Friday, January 6, 2017

University of Sydney X-lab

Yesterday University of Sydney held an open day. I took the opportunity to join a tour of the Charles Perkins Centre and its X-lab. The building has space for 1500 undergraduates, 900 medical researchers, and higher degree students. One feature of the building is the way the undergraduates can mingle with researchers and medical doctors.

The building has an atrium with curved balconies and a sinuous staircase offering an alternative to the lifts. There is the usual modern layout with open plan in the middle and meeting rooms around the outside, with glass walls.

The standout feature is the "X-lab wet lab". This has rows of lab benches, with each of 240 students getting a touch screen computer on an arm. Four instructor stations are equipped with cameras so the students can see their instructor, and the experiment they are performing close up on screen. There are directional loudspeakers in the ceilings above the benches, to allow students to listen to one of the four instructors.

The x-lab provides an advanced teaching environment, but is not perfect. The directional speakers work well enough, but are an expensive solution. A lower cost alternative would be to divide the room into four zones, with a row of equipment cabinets separating the zones. Low cost loudspeakers (or the speakers in the computers) in each zone would then have provided adequate sound separation. Alternatively headphones could be used, which would also allow the students to speak to the instructor: a technique I have dubbed the "silent lecture".

The DELL touchscreen computers, at about 36 inch, are somewhat oversize and tend to dominate the room.
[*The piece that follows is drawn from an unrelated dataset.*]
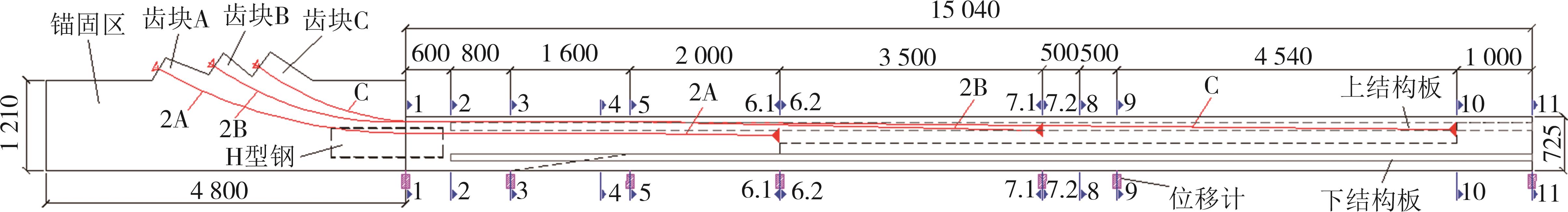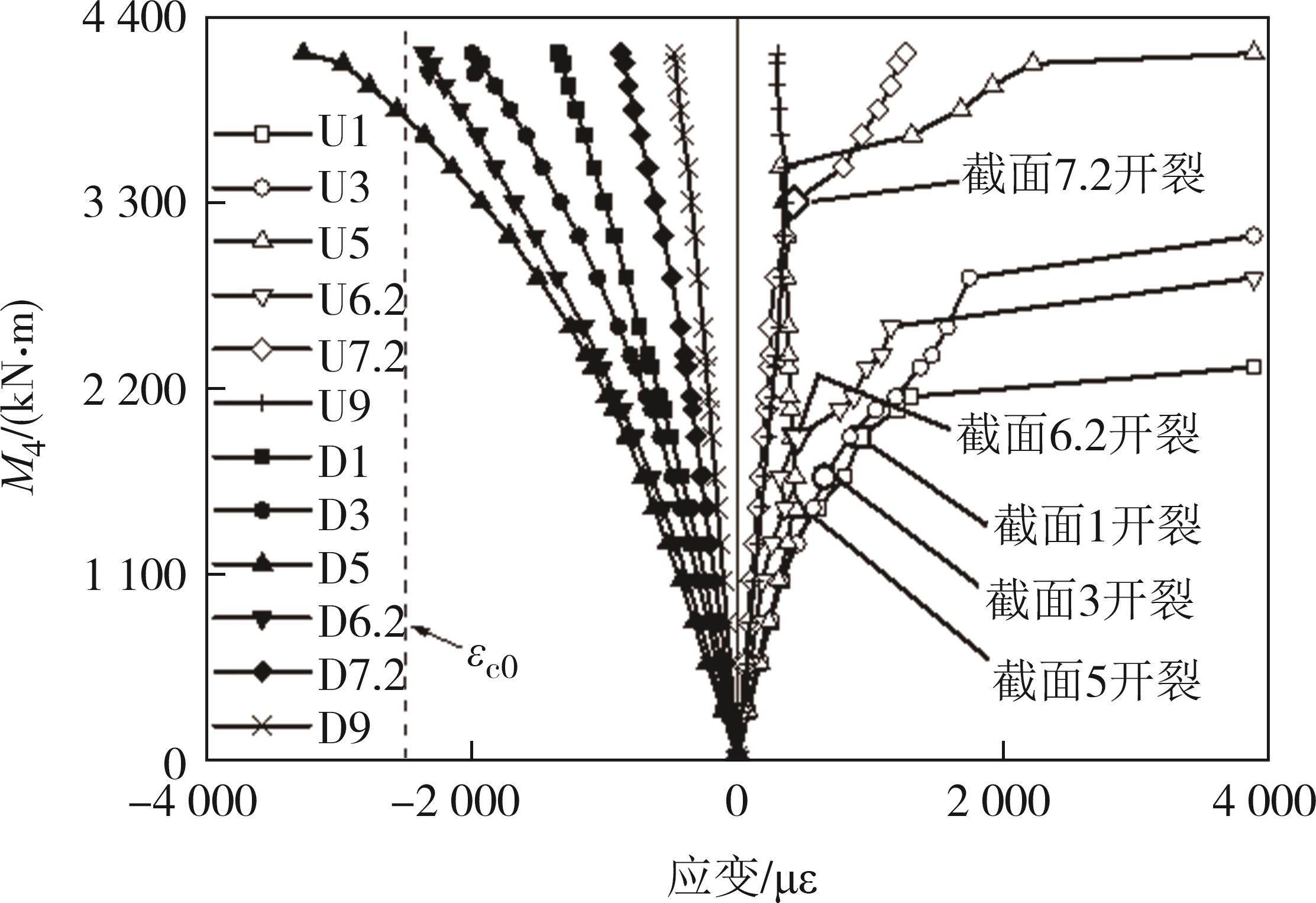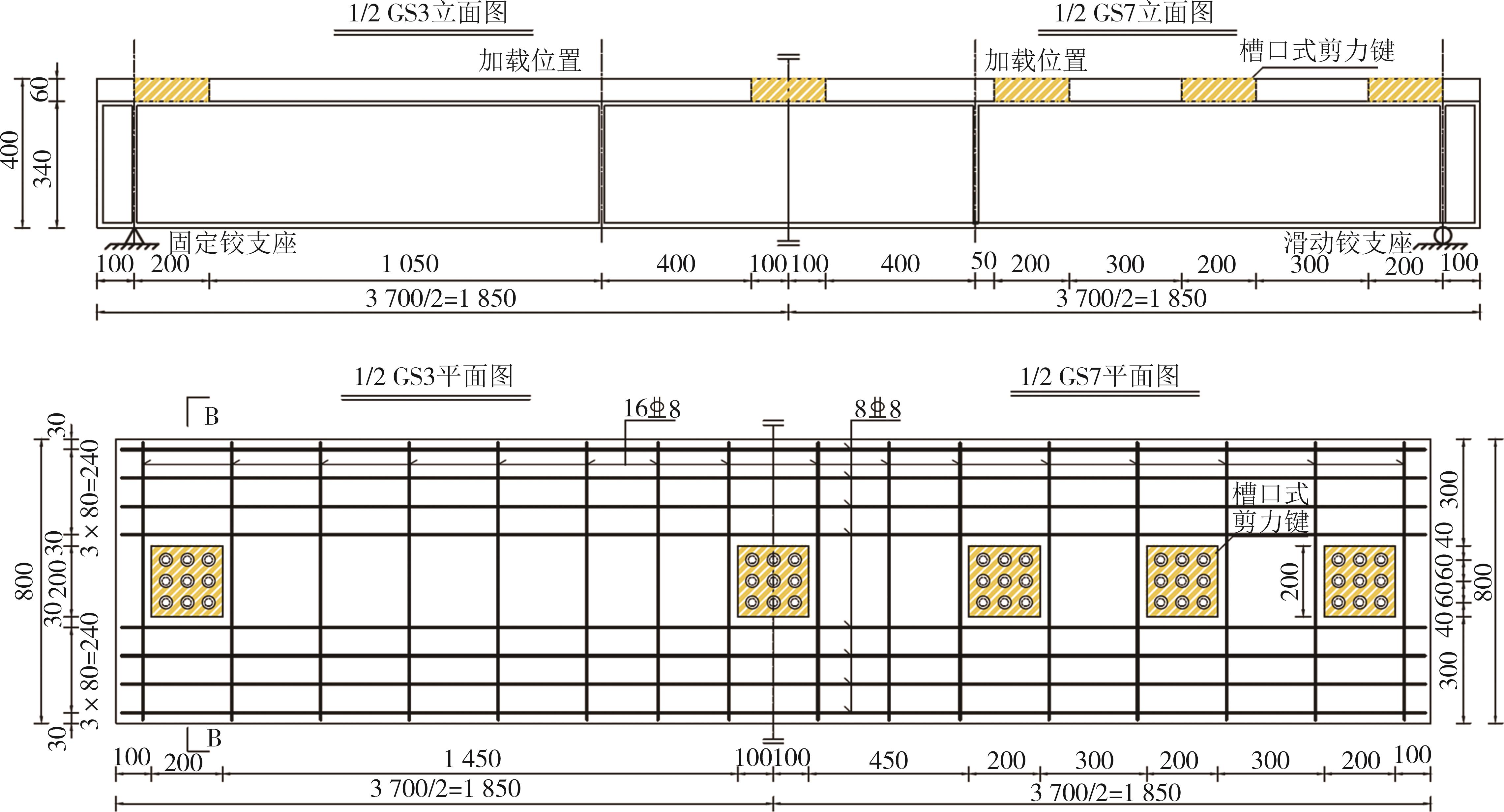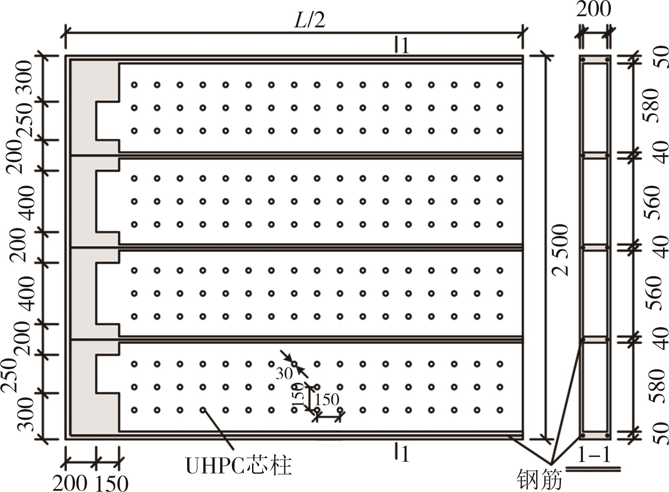 摘要:为了探究缓粘结预应力超高性能混凝土(RBP-UHPC)悬挑梁的受力性能,以上海大歌剧院悬挑楼梯为背景,进行了2根足尺RBP-UHPC变截面悬挑梁的受弯性能试验.试验结果表明,加载过程中,各关键截面依次开裂,关键截面附近裂缝最密集;离关键变截面越远,裂缝越短越稀疏;悬挑梁破坏截面在距离梁根部2.6 m;越接近破坏截面的UHPC和钢筋应变发展越快,越早达到UHPC的弹性压应变和钢筋的屈服应变;两根梁破坏截面的安全裕度分别为1.97和1.81,具有较好的结构性能,能够满足实际工程的强度要求.提出了带有结构板的π形变截面RBP-UHPC悬挑梁抗弯承载力的计算模型.相比于现有规范,本文模型的计算结果与已有试验的结果吻合最好,且偏于安全.
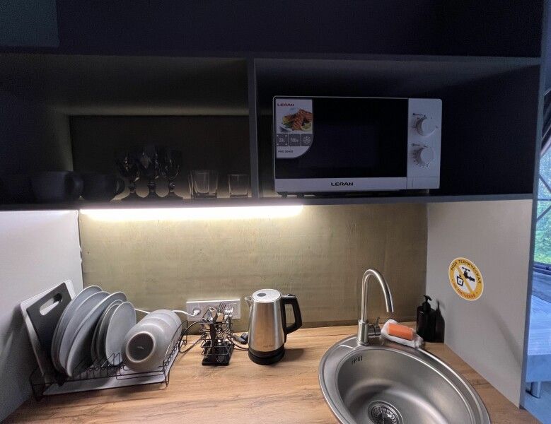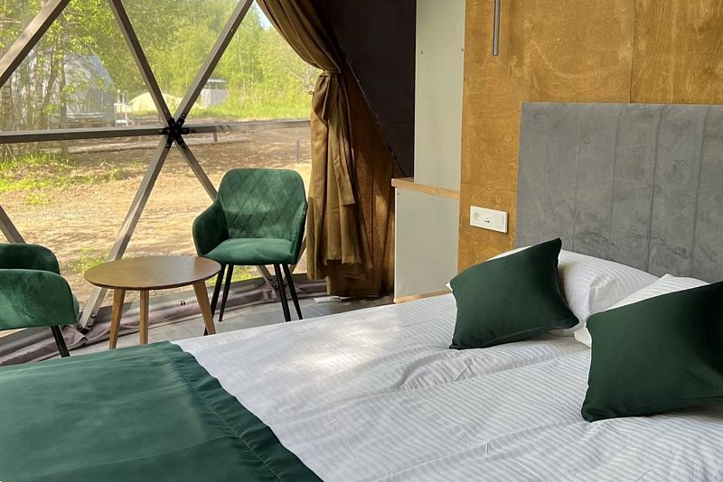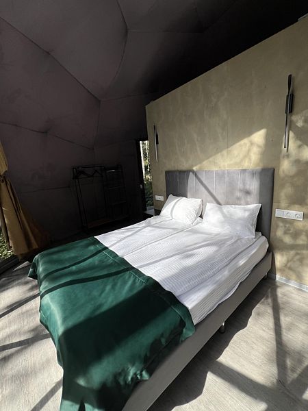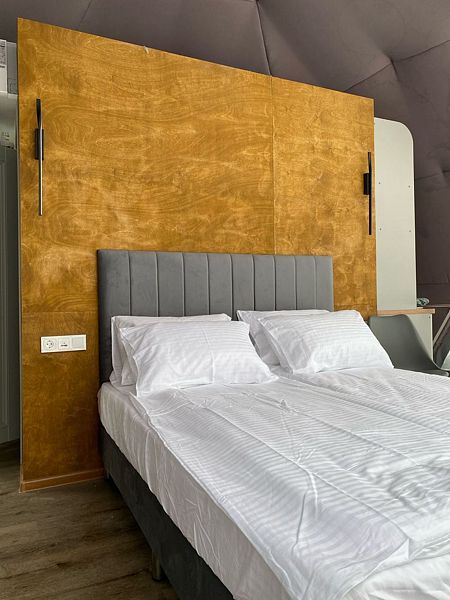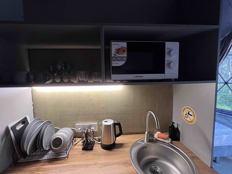 Уютная сфера оборудована всем необходимым для комфортного проживания. Здесь есть система климат-контроля, обогреватель и, при необходимости, детская кроватка. Ванная комната с душем, феном и туалетными принадлежностями обеспечит приятные водные процедуры. Кухонная зона полностью укомплектована — от микроволновки и холодильника до чайника и посуды, позволяя гостям готовить самостоятельно.

Smaller touch screens, of around 15 inch, might be more suitable (and cheaper).

The operator consoles at the ends of the benches are well equipped, but the screens here are also large and make the instructor hard to see. It might be useful to have the instructors station raised and smaller screens used.

The building also has "dry" teaching rooms, with a microscope for each student and a large computer monitor. There are also  conventional teaching rooms and informal group spaces for students. A surprise is that under the entrance to the building is a very large lecture theater. This is a good use of space, as a lecture theater d does not require a view and so can be placed underground.